RFC 1643 lays out a plan for creating guidelines for what is and is not legal unsafe code. The idea is to develop the guidelines over time, with a specific “strike team” charged with driving the process along, in conjunction with the lang team – as is typical for Rust, though, the discussion will be open to all, and the role of the strike team is primarily to help steer the discussion towards consensus. The RFC has not yet been accepted but I expect it will be.
I expect that the first goal will be to try and explore the space of possible rules at a high-level. This will require identifying interesting examples of optimizations as well as code that ought or ought not to be legal, and then evaluating how different strategies might fare on these examples.
What I was hoping to do here is to discuss how and where to have these discussions. For example, should be do this via threads on discuss, or GitHub? I’ve generally found it much easier to keep up with discuss (it’s notifications are better, it allows quoting, etc), but I had the thought that it might be very nice to create a specialized GitHub repository for the entire unsafe code guidelines process (something like https://github.com/nikomatsakis/rust-memory-model).

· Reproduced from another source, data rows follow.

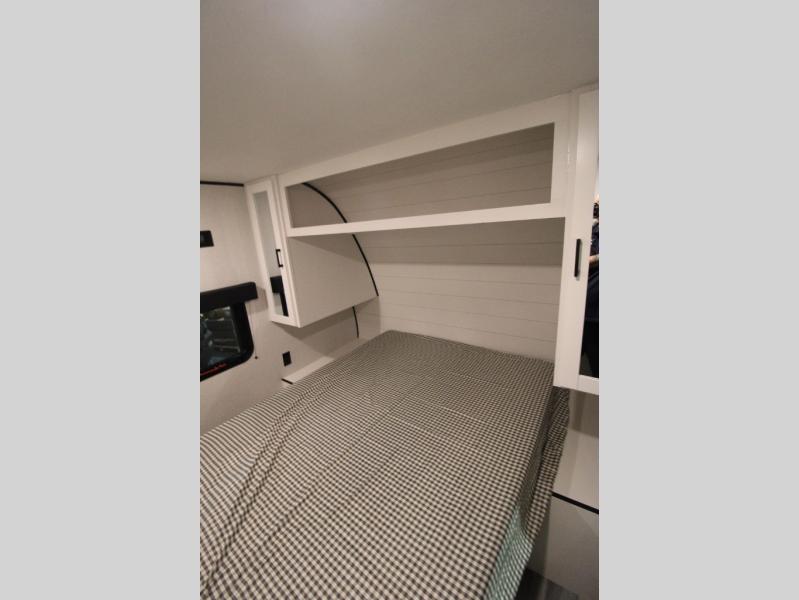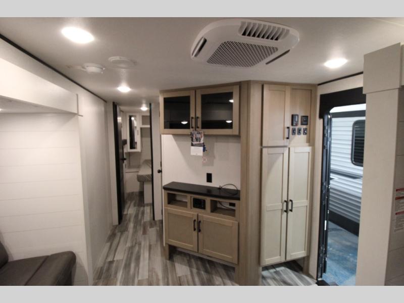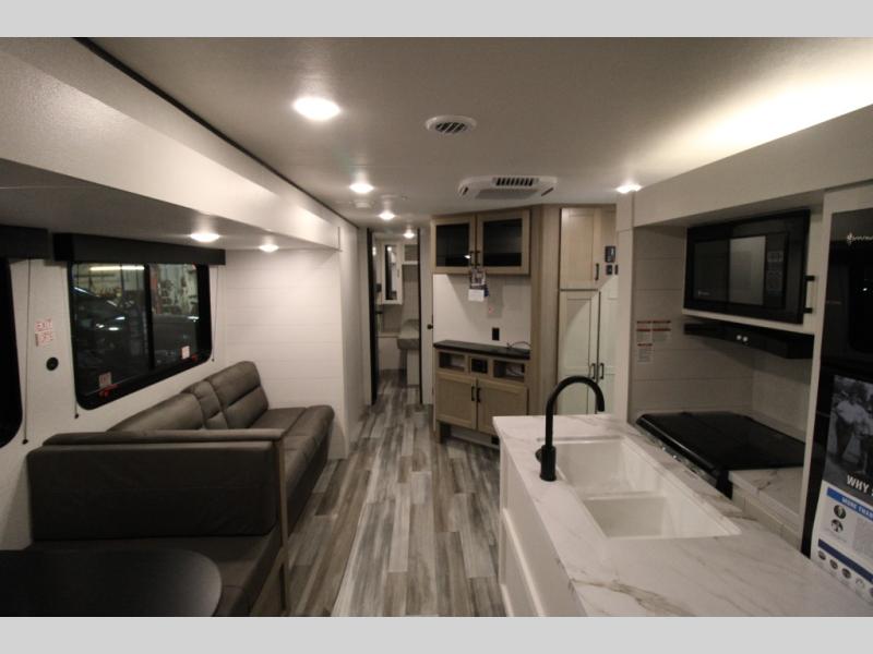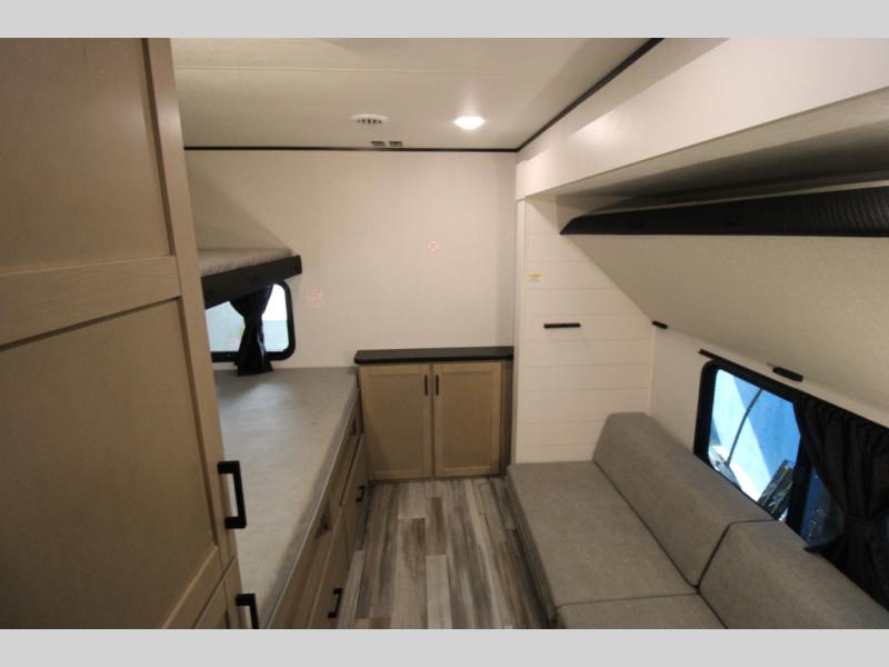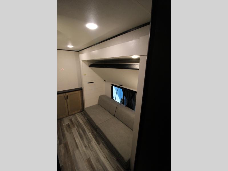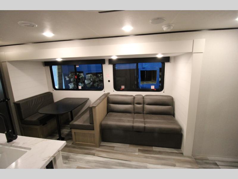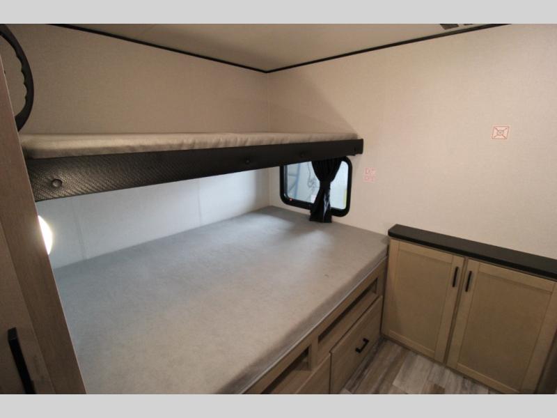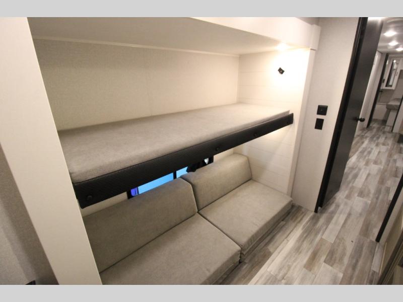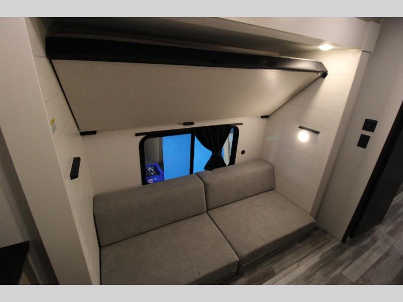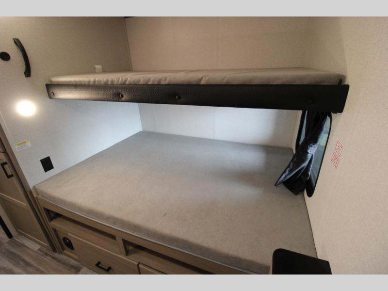 The whole gang can join along on camping trips in this triple slide out travel trailer! There is a rear private bunkhouse with a bunk bed and J-cube futon sofa below plus a second bunk bed and storage below to help keep this space tidy. You'll find your own space in the front private bedroom, which also includes a queen bed and dual wardrobes. The middle kitchen and living room will be a favorite place to come together since there is a jack-knife sofa and booth dinette, a kitchen island, plus a fully-equipped kitchen to make meals each day. There is also an exterior camp kitchen when you want fresh air!
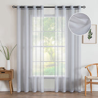 Miulee 2 Panels Silver Grey Semi Sheer Window Curtains Elegant Grommet Top Voile Window Treatments Linen Textured Drapes For Bedroom Living Room Dining Room (54X96 Inches)
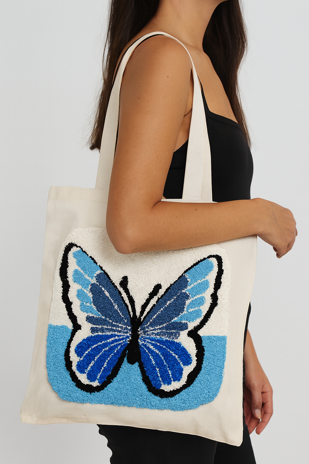 Kanatlarını açmaya hazır mısın? Doğanın en zarif sembollerinden biri olan mavi kelebek, şimdi omuzunuzda hayat buluyor. Beyaz zemin üzerine işlediğimiz, mavinin en huzurlu tonlarına sahip bu kelebek, size her gün hafifliği ve dönüşümü hatırlatacak.
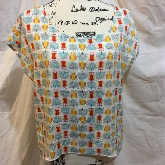 Michelle Owl Pattern Top with cut out back area, size/fabric tag is faded and cannot be read.
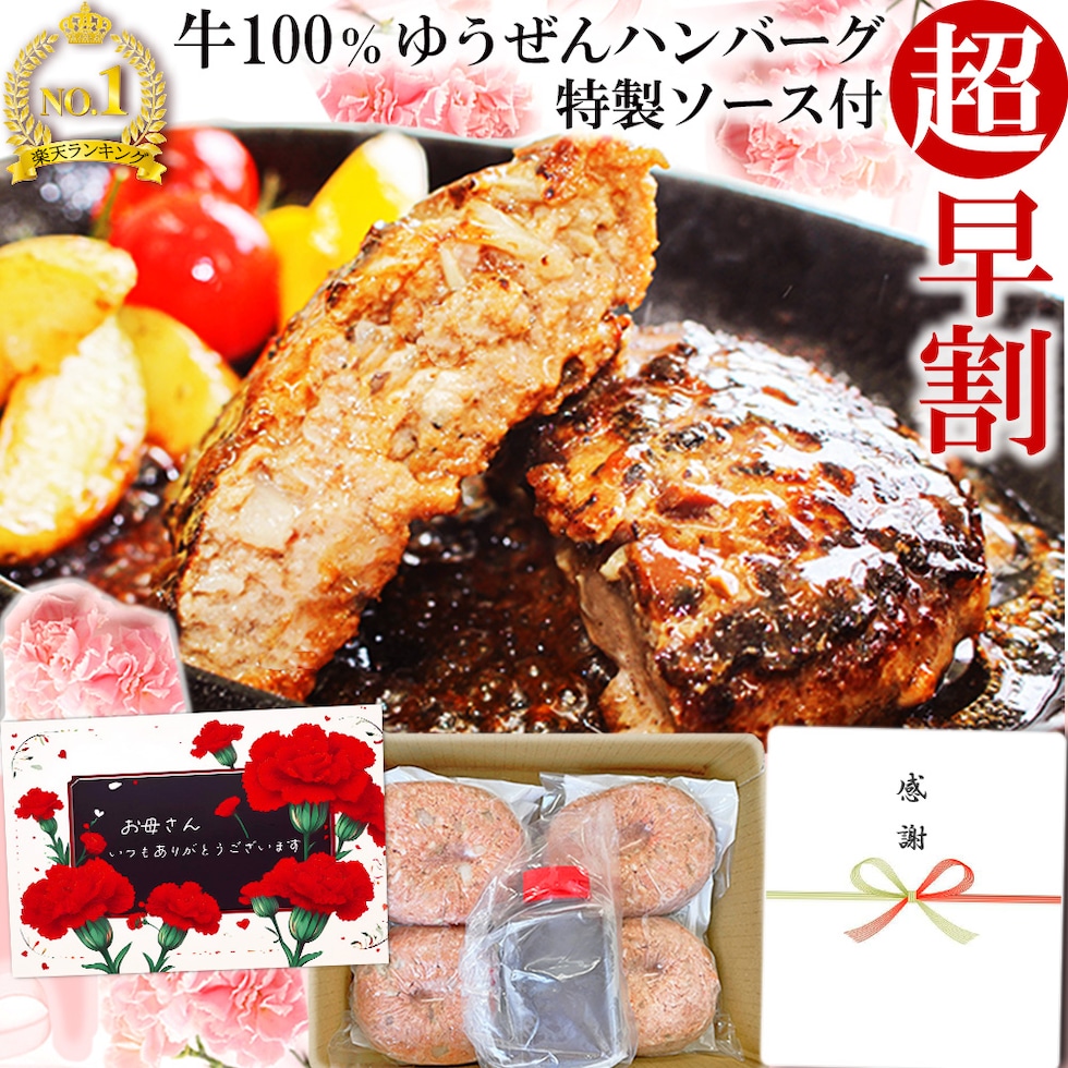 無添加 ギフト 牛100% ゆうぜんハンバーグ 150g×4個 (2個真空×2パック) 専用ソース 送料無料 肉 冷凍 お取り寄せ
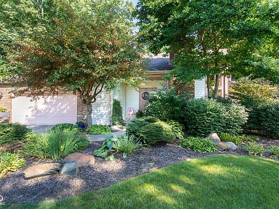 This home is a show stopper!! Floor-to-ceiling brick gas log fireplace. Quality build, and timeless beautiful decor in this 1.5 story home with vaulted ceilings and hardwood floors. It's ready to move in! Beautiful lighting throughout, loft and two large bedrooms upstairs. Walk out directly from the 1st floor primary bedroom on to the expansive deck which overlooks the wooded ravined lot. Sliding glass doors from the kitchen/dining bring in lots of natural light. Primary bath has walk-in shower, laundry on the main floor, and a partial basement that would take very little effort to finish into another living area or use as extra storage! Quartz countertop in the island, convection oven range, and stainless steel appliances all stay. Koi pond outside the breakfast nook window is closed for the season, but is fully functional. This home is tucked beautifully into its partially wooded lot, and offers established trees and landscaping that enhance the outside architecture. HOA provides tennis courts, pickleball, basketball, volleyball, play area, and pavilion. Pool membership optional. Please visit their website listed under the HOA information for more details.
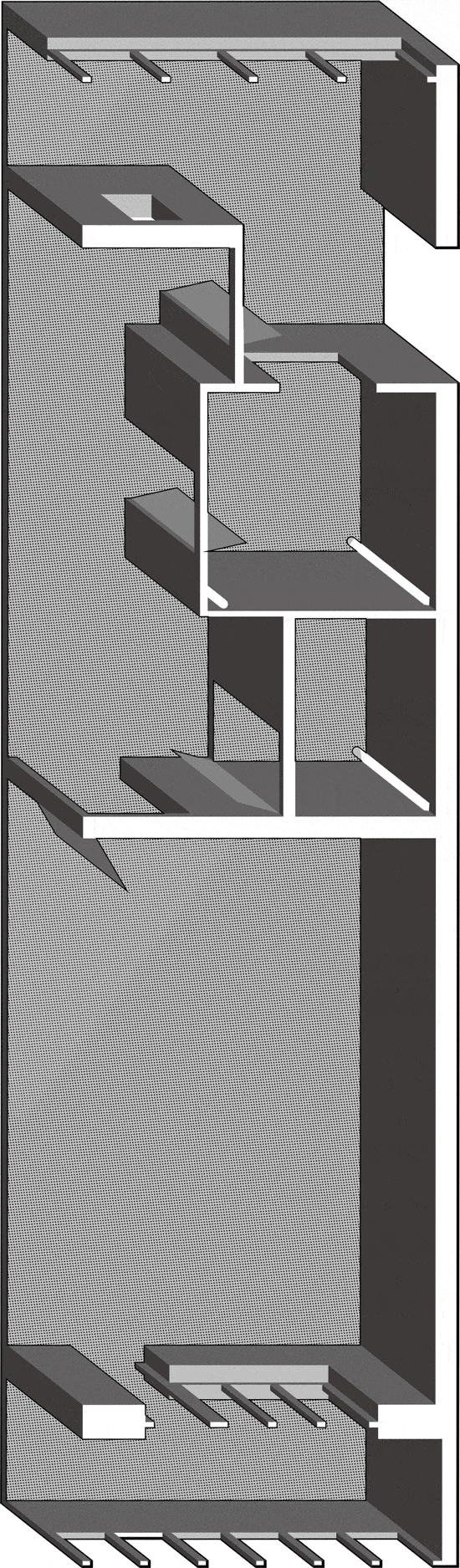 人们对洞穴空间的感受,据说来自对子宫的记忆。加斯东.巴什拉(Gaston Bachelard)在其著作《空间诗学》中提到,洞穴往往象征亲密,庇护和安全。这些城市中的高密度住宅,当我们忽略邻里空间所包含的内容,把整幢大楼想象成一个巨大的外部实体。那么,似乎大山和大楼没有两样。“洞穴”身处一个巨大实体当中。
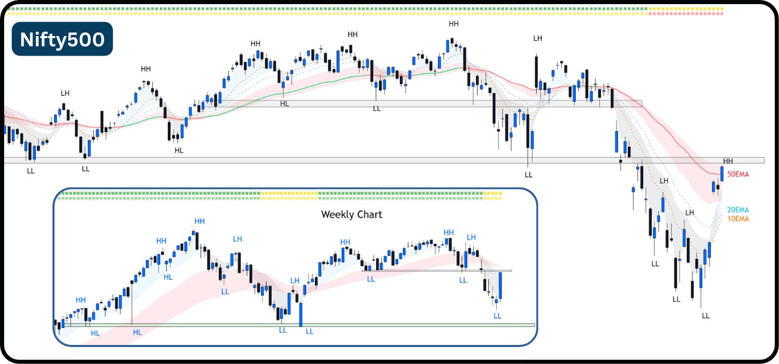 While the market breadth has improved notably, the Sharp V shaped recovery last week and as Nifty500 is just around the previous Support turned Resistance zone, some “cooling off” can be expected in the early part of next week. Potentially, the market may do a retracement, clock a Higher Low, before attempting to take over this resistance levels.
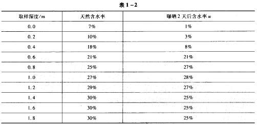 某盐渍土地段地下水位深1.8m,大于该地毛细水强烈上升高度与蒸发强烈影响深度之和,在开挖试坑的当时和曝晒两天后分别沿坑壁分层取样,测定其含水率随深度变化如...
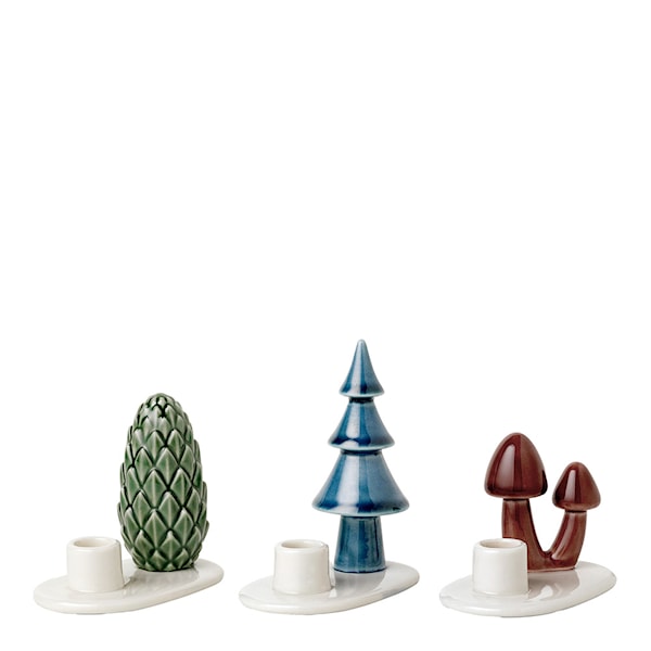 Winter Stories set med ljusstakar i tre delar, designat av Charlotte Adrian för Dottir, bjuder in skogens magi och atmosfär till ditt hem. Setet består av tre ljusstakar – en prydd med en dekorativ svamp, en annan med ett träd och den tredje med en kotte. Varje ljusstake är anpassad för 13 mm stearinljus och fungerar lika bra som vacker bordsdekoration eller placeringskortshållare, vilket gör dem mångsidiga för alla typer av dukningar. Med sin lekfulla, naturinspirerade skönhet tillför de en elegant, men ändå avslappnad, vinterkänsla till rummet som passar både till vardag och fest.
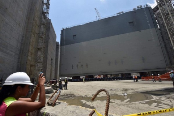 A un ritmo muy lento y en cuatro carritos de 480 ruedas, capaces de soportar hasta 10 toneladas cada una, fue instalada la compuerta en las nuevas esclusas del Pacífico.
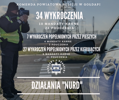 - Podsumowanie policyjnych działań „NURD” W czwartek gołdapscy policjanci Zespołu Ruchu Drogowego objęli szczególnym nadzorem rejony przejść dla pieszych oraz przejazdy dla rowerów. Wojewódzkie działania pod nazwą „Niechronieni Uczestnicy Ruchu drogowego” miały na celu ograniczenie ilości zdarzeń z udziałem tej kategorii uczestników ruchu drogowego. Mundurowi w trakcie akcji ujawnili ogółem blisko 40 wykroczeń.
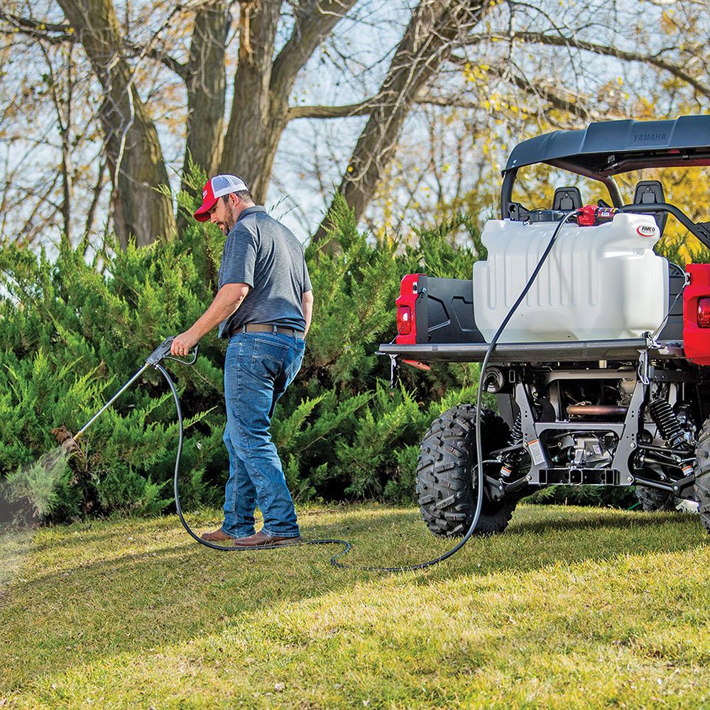 Built to be Roundup® ready, this 40 gallon deluxe spot sprayer is perfect for applying insecticide, pesticides and more. The sprayer is equipped with 2.1 gpm high flo pump. The horizontal throw of the sprayer is 35 ft. and the vertical throw is 25 ft.
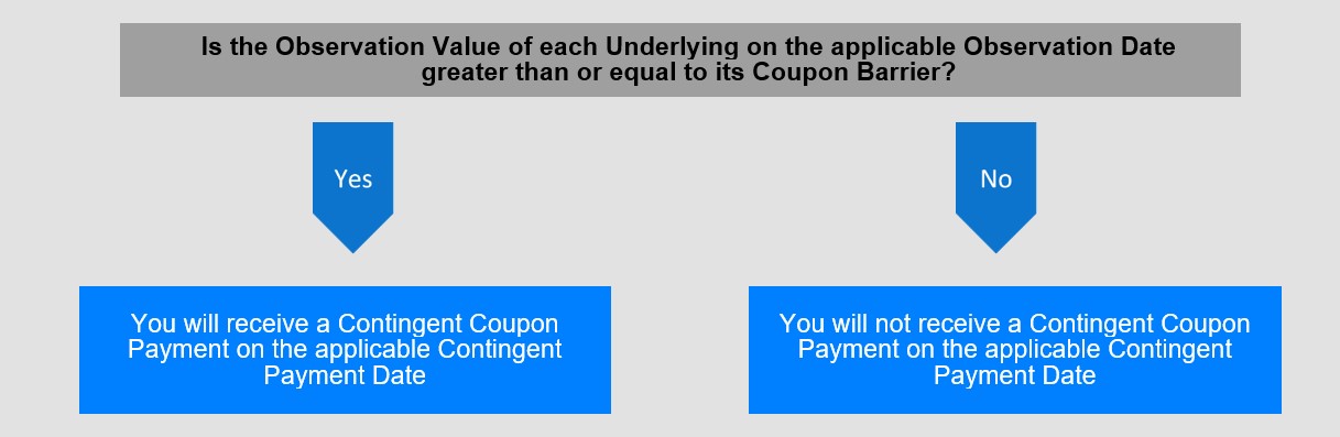 The Notes provide a monthly Contingent Coupon Payment of $9.792 per $1,000 in principal amount of Notes on the applicable Contingent Payment Date if, on the related monthly Observation Date, the Observation Value of each Underlying is greater than or equal to its Coupon Barrier.
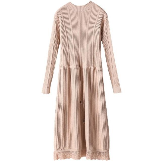 ニットワンピース レディース 40代 秋冬 きれいめ レース マキシワンピース 長袖 ニットワンピース Vネック aラインスカート 結婚式ドレス 通勤 セーター 着痩せ
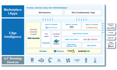 WISE-DeviceOn กับ Edge Computing จำนวนมากมาพร้อมฟังก์ชันการใช้งานต่าง ๆ เช่น การรวบรวมข้อมูล, การจัดการอุปกรณ์เชื่อมต่อ, การคำนวณและวิเคราะห์ข้อมูลแบบเรียลไทม์ ซึ่งฟังก์ชั่นต่าง ๆ เหล่านี้มีรูปแบบที่ง่ายต่อการใช้งานและสะดวกต่อผู้ใช้ จึงสามารถเชื่อมต่อกับเครือข่ายและเริ่มใช้แอปพลิเคชันของคุณได้ทันที หากฟังก์ชั่นเบื้องต้นไม่เพียงพอต่อการใช้งาน ผู้ใช้งานสามารถเลือกบริการต่าง ๆ เพิ่มเติมได้ที่ WISE-Marketplace
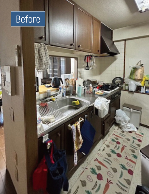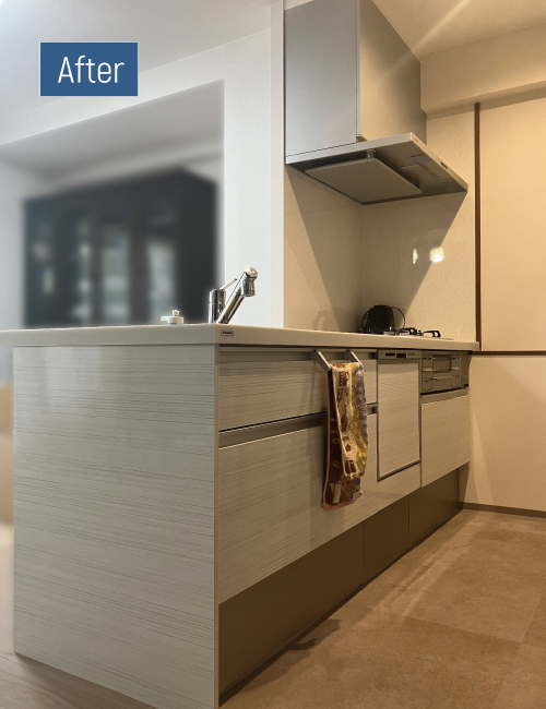 全体的に暗いので、明るく広い空間にしてオープンキッチンにしたい、とのご要望でした。グレージュ木目を好んでいらしたので木目の扉柄が豊富なPanasonicラクシーナをご提案!昔ながらのダークトーンから、流行りのグレージュのトーンに一新し、リフォームを通じて雰囲気をガラッと変えることができお喜びいただきました。
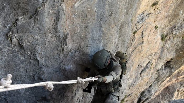 Pençe harekatlarıyla bölgede kuş uçurtmayan kahraman komandolar, zorlu arazi şartlarına rağmen teröristlerin inlerini başlarına yıkmaya devam ediyor.
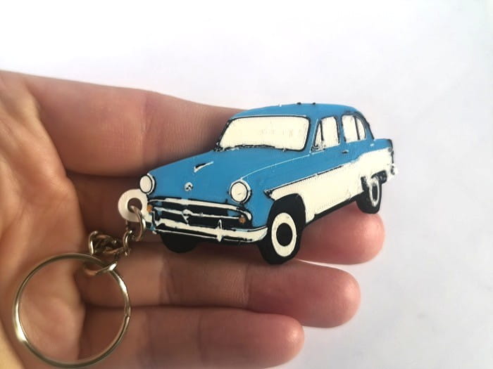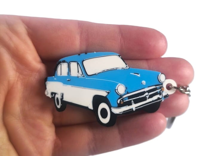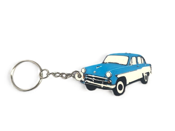 Stylowy brelok inspirowany kultowym radzieckim samochodem Moskwicz, produkowanym przez Moskiewską Fabrykę Samochodów Małolitrażowych w latach 1956–1958. Ten model, mimo krótkiej historii, stał się ikoną designu lat 50. i symbolem epoki samochodów z chromowanymi detalami.

If we were to try that, I imagine then that we could use files in the repo to represent both examples and other information, as well as proposals. We can open issues to discuss specific aspects of various proposals, or PRs for alterations we are considering, and perhaps adopt an FCP-like process to help drive decision-making.
One thing I had considered is that for larger discussions we can just open a thread on discuss and link to it from GitHub (perhaps closing the issue), so that we can use GH to organize the conversation, but Discuss to help track where replies are needed. That might be overkill though.
Another option is just creating a custom category on discuss – or doing that in addition to the stuff above.
Thoughts?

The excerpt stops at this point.